= Patriot's Party =

Nationalist political party in Burma

The Patriot's Party (မျိုးချစ်ပါတီ; also known as the Myochit) was a nationalist political party in Burma led by U Saw.

==History==
The party was formed in 1938 by U Saw after he left the United GCBA, and initially consisted of a group of around ten MPs from wealthy backgrounds. The party gained support from businessmen and landlords, and in April 1938 the Galon Tat, the party's paramilitary volunteer corps, was created. The Galon Tat was modelled on fascist organisations in Europe and possibly funded by the Japanese, and by 1941 was the largest volunteer organisation in the country.

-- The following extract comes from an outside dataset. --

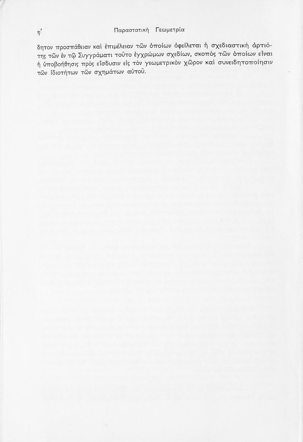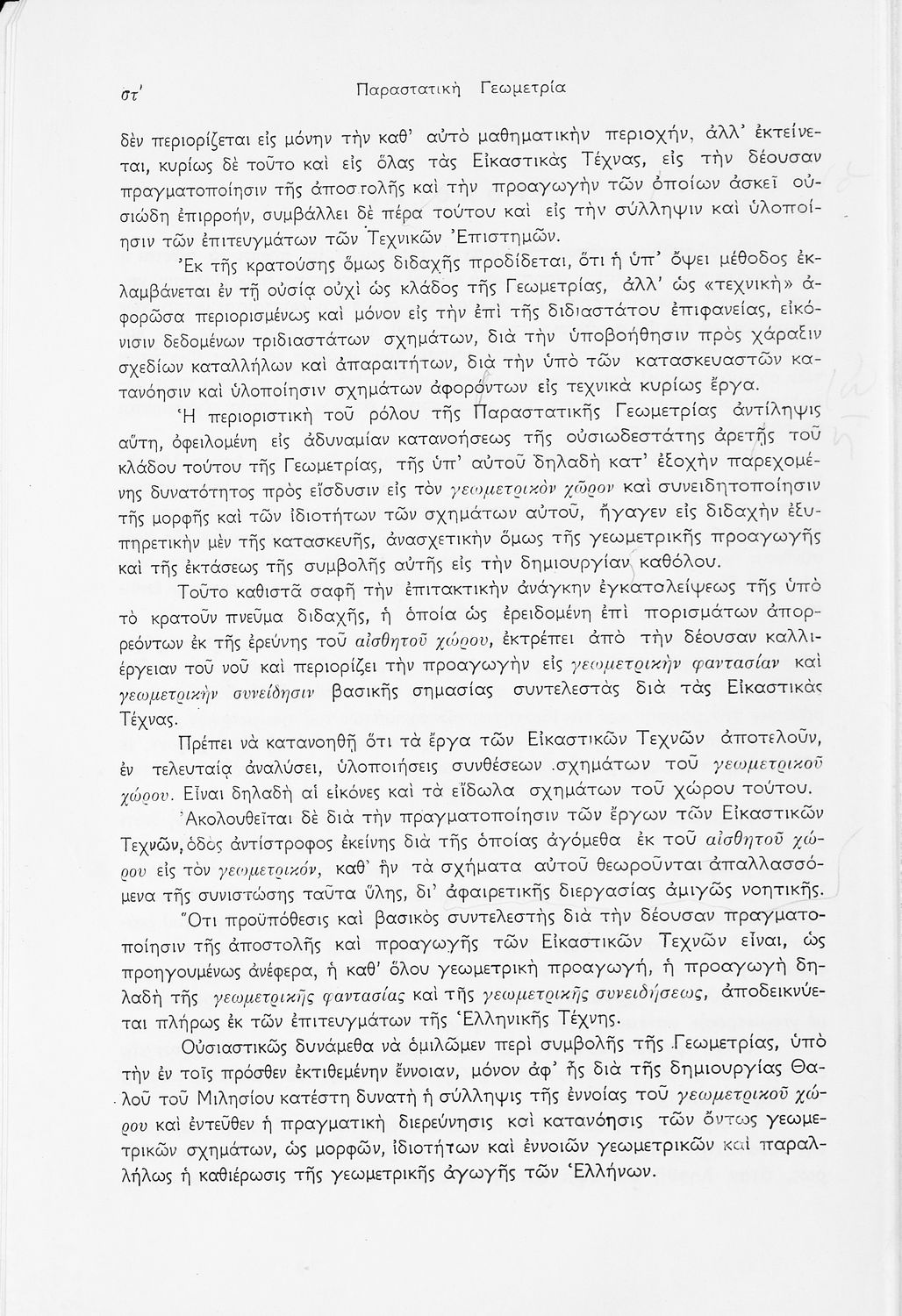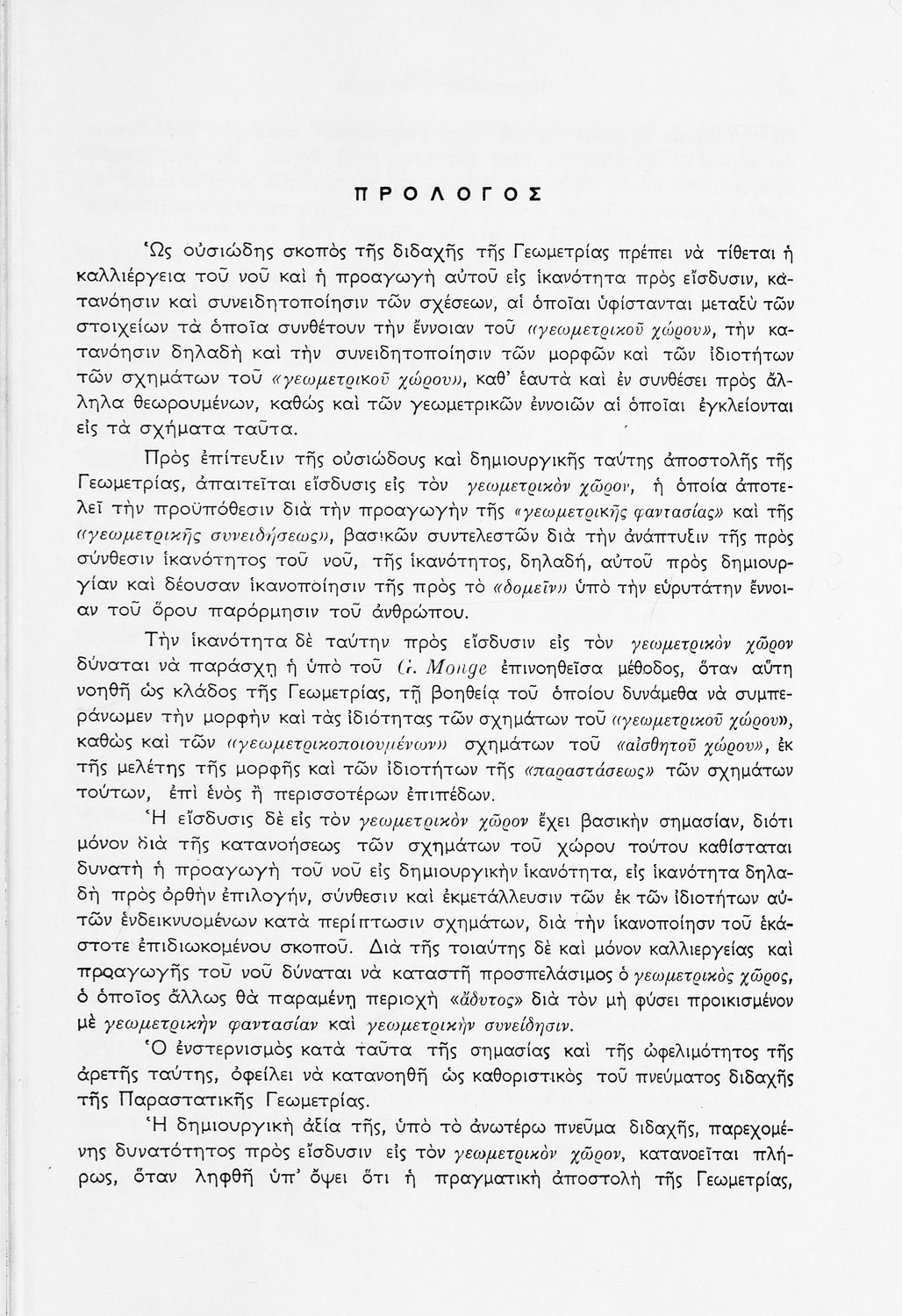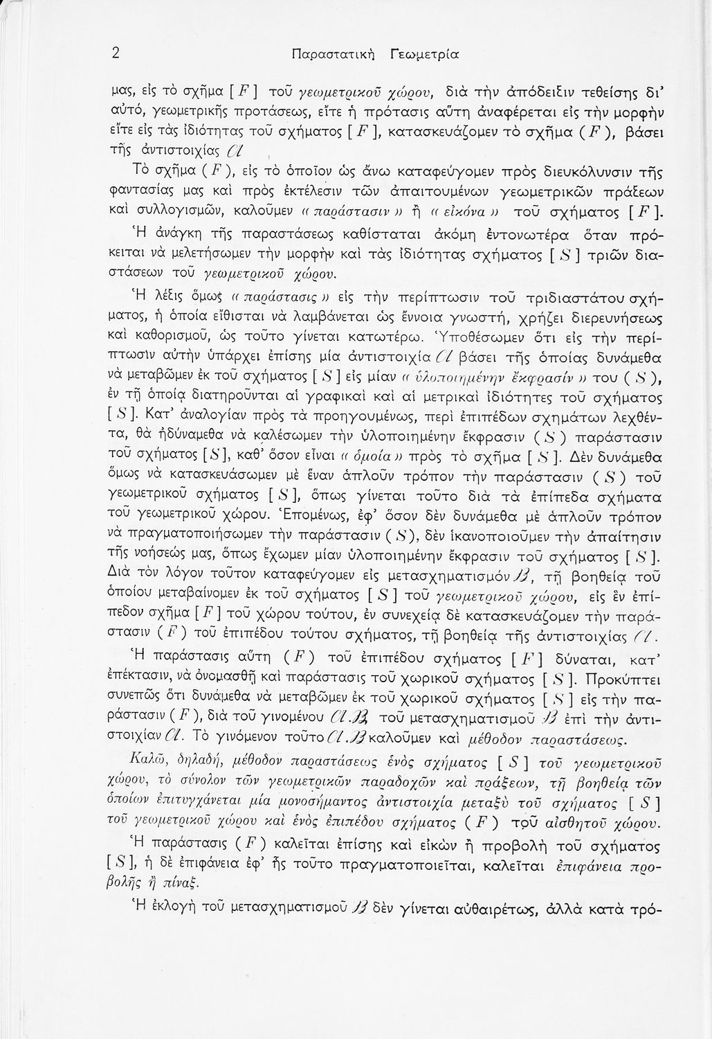 Σχολικό εγχειρίδιο Παραστατικής Γεωμετρίας για τις Ε΄ και ΣΤ΄ Γυμνασίου χωρισμένο σε θεωρία και ασκήσεις που περιλαμβάνει παράρτημα με έγχρωμα διαγράμματα σε Χ, Ψ, Ζ άξονα. Ο συγγραφέας ήταν καθηγητής στο ΕΜΠ. Φέρει το σύμβολο της δικτατορίας.

When the government led by Ba Maw fell in 1939, Governor Archibald Cochrane included the Patriot's Party in the government, and in 1940 Saw was appointed Premier. However, he was arrested in January 1942 for having contact with the Japanese, who had started an invasion of the country.

Following the war, the party was re-established by some of its members whilst U Saw was imprisoned in Uganda. It joined the Anti-Fascist People's Freedom League, but was ejected after it accepted three seats in the Executive Council, a move that was contrary to the alliance's policy. However, U Saw demanded the party's members leave the council. The party subsequently boycotted the 1947 elections. When he was hanged in 1948 for his role in the assassination of Aung San, the party ceased to exist.

==Policies==
The party sought to limit Indian immigration to Burma and redistribute foreign-owned land. Other objectives included increasing the proportion of Burmese in the civil service and foreign trade and mining companies.